Phone numbers follow the US format (XXX) XXX-XXXX with area codes drawn from a realistic range (200-999, excluding reserved prefixes like 555). ZIP codes are generated within plausible ranges for each state (e.g., New York ZIPs start with 100xx-149xx). They are structurally valid but not guaranteed to correspond to real addresses. For privacy reasons, no real PII is embedded in the dictionaries.

Generation above 500 events is offloaded to a Web Worker to prevent UI freezing. The progress bar updates in real time. The practical upper limit is around 100,000 events before browser memory constraints on the resulting string become a concern (approximately 80MB of JSON). For very large datasets, download the file rather than previewing in-browser, as rendering large text blocks into the DOM is the bottleneck, not generation itself.

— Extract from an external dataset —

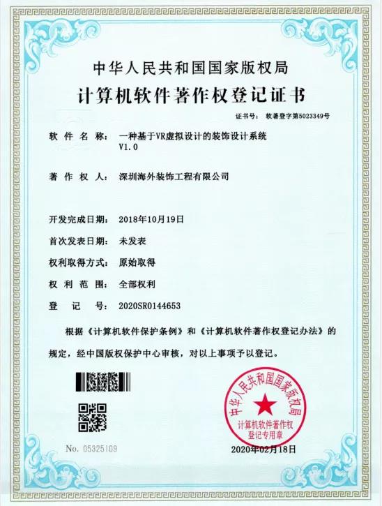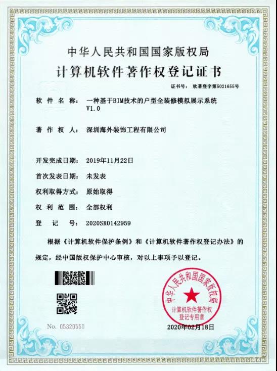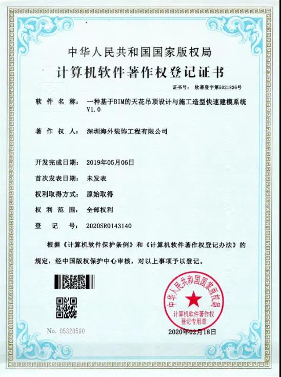 近日,繼獲得兩項國家實用新型專利后,深圳海外裝飾工程有限公司(以下稱“海外裝飾”)工藝工法建設工作再獲佳績,榮獲五項計算機軟件著作權(quán) :“一種基于VR虛擬設計的裝飾設計系統(tǒng)V1.0”、“一種基于計算機開發(fā)的智能裝飾設計系統(tǒng)V1.0”、“一種室內(nèi)設計測繪裝置及在線輔助系統(tǒng)V1.0”、“一種基于BIM技術(shù)的戶型全裝修模擬展示系統(tǒng)V1.0”、“一種基于BIM的天花吊頂設計與施工造型快速建模系統(tǒng)V1.0”。 至此,海外裝飾已擁有11項軟件著作權(quán)。

The start and end dates define the window for NEW event timestamps. Each NEW event receives a random timestamp within this range. Subsequent UPDATED events are offset forward by their delay range (1 - 14 days for test results, 5 - 30 days for outcomes). This means UPDATED events can have timestamps that exceed the configured end date, which mirrors real-world data where a test administered on the last day of a reporting period returns results days later.